If someone wants to fight, that’s it, you’re in the combat and you’re not leaving until you or they are dead. The fights are weirdly simplistic, since all you initially have is a sword and shield. Swing high or swing low, you have a chance to strike as long as the enemy is within your reach and isn’t actively blocking you. The enemy, in turn, is gonna swing back, and you both just go back and forth for a while. You have the ability to block and roll out of the way, but the enemy can easily find a way to break your block and most pivot pretty quickly. I suppose the broken issue is latency: I felt like I would end up performing attacks that I input a while back and would need to wait for everything to catch up with itself. The fights, at times, just got boring, as I stood in place and kept swinging until the opponent fell. There were a couple of times when I went into forward rolls without understanding that I had tapped the joystick a few buttons back and Grey was just now getting the instructions. The bosses actually presented some good challenge, because they used a variety of moves that I couldn’t do, like cartwheels and being nimble. Whereas minor enemies just ask you to wail away (or at least hit/block/hit), bosses require dying a couple times (usually) to figure out what you need to do best. But that also requires the player to a.) recognize the pattern and b.) not get incredibly frustrated in the meantime.
Deadly Edge has so much potential that’s right below the surface.
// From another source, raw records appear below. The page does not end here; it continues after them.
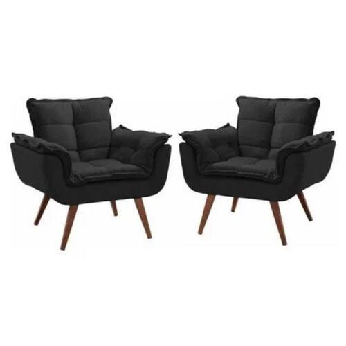 Kit 2 Poltronas Opalla Decorativa Reforçada Recepção Sala De Estar Suede - Preto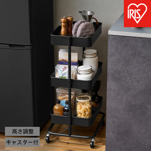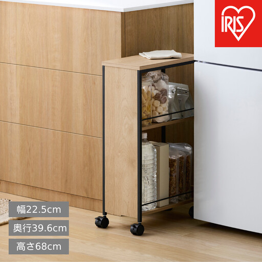●商品サイズ(cm) 幅約22.5×奥行約39.6×高さ約68 ※商品サイズはキャスターを含めたサイズです。 ●質量 約4.2kg ●耐荷重 天板:約10kg 棚板(1枚当たり):約10kg 全体:約30kg ※耐荷重は測定値であり、保証値ではありません。 ●主要材質 天板:合成樹脂化粧パーティクルボード(メラミン樹脂) 棚板・前板:プリント紙化粧パーティクルボード 側フレーム:金属(鋼)(エポキシ樹脂塗装) キャスター:PP、金属(鋼) ●必要工具 +ドライバー(サイズ:2番) ※電動ドライバーの使用可。インパクトドライバーは使用しないでください。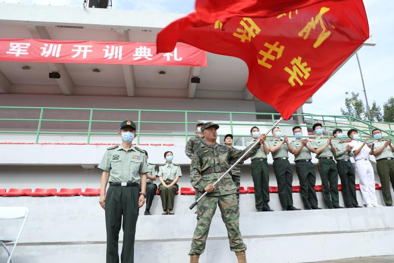 军训副总指挥、学生部部长、武装部部长、国防教育与人才培养办公室主任张婷主持大会并宣读了军训指挥部成员名单。今年,乐动平台学生军训旅下设4个营,32个连。开训典礼上,蒋志刚为军训旅授旗。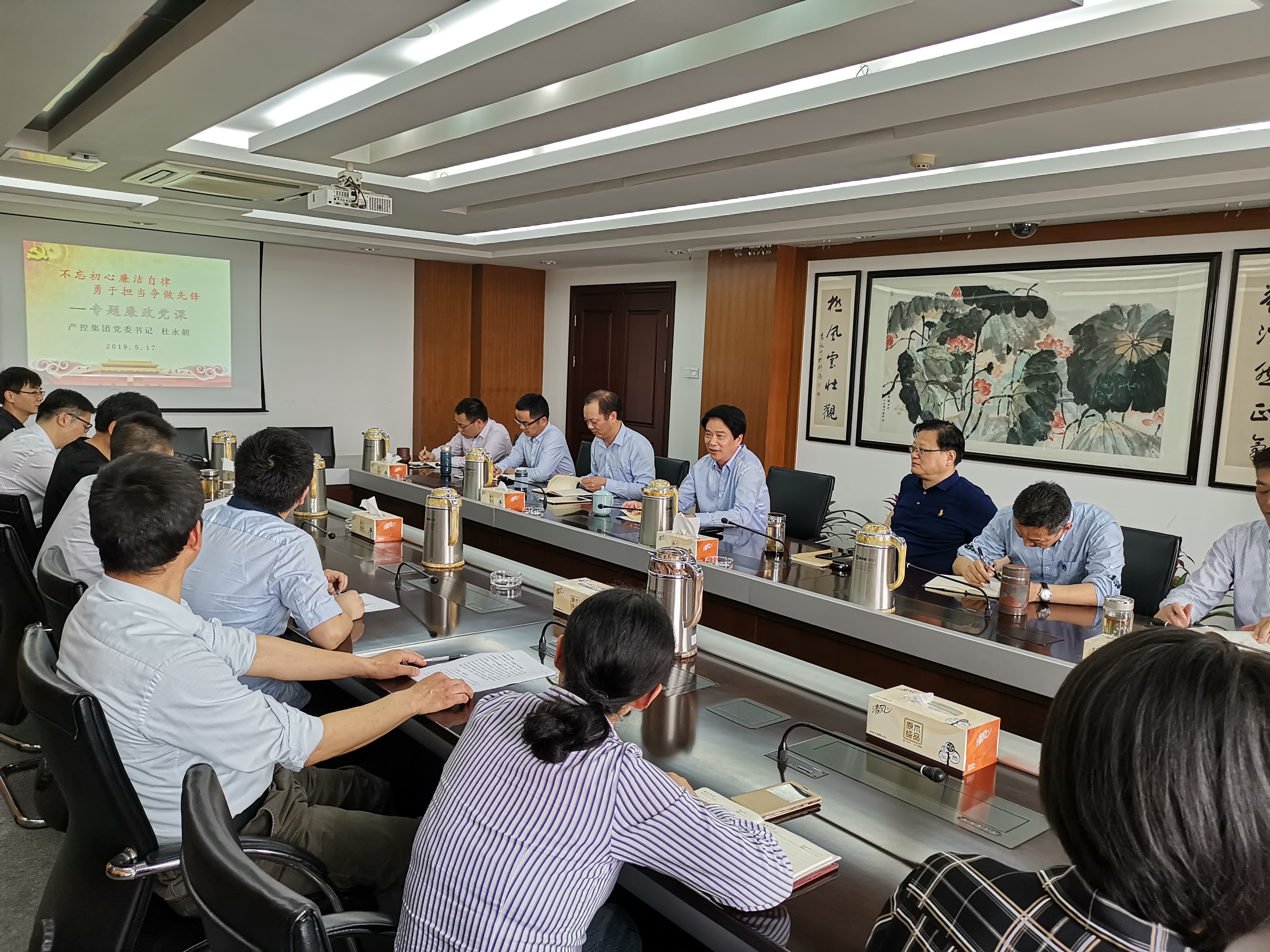 今年是我市第十二個“510”思廉日,為進一步加強黨員干部職工的廉潔從業(yè)意識,5月17日,產(chǎn)控集團黨委書記杜永朝為直屬支部全體黨員上了一堂以“不忘初心廉潔自律,勇于擔(dān)當爭做先鋒”為主題的廉政黨課。

There was a lot of planning and thought that went into the creation of the game’s story and, for the most part, there’s excellent execution of the core ideals (linear exploration, one to one combat), but there’s several caveats that prevent it from achieving greatness. The art and graphics may appeal to some, but it left me feeling pretty unfulfilled and bored in general. Combat has potential, but there’s no middle ground: it’s either dead within seconds or stand and deliver. The game itself is relatively short, but there’s plenty of room in the meanwhile for injection of some shift in tone, but I don’t want the creators to deviate from their vision. I can’t realistically offer this game to anyone with my same sensibilities, but I appreciate the amount of activity the devs have shown in the Steam forum for the customers they do have, and that shows a good initiative to make the most out of their game. Give it a try, the worst that can happen is you need to refund the purchase, but maybe this blade is the one you were meant to study. I, however, am quietly bowing out of this adventure and leave it to another to discover what the true fate of Grey may be.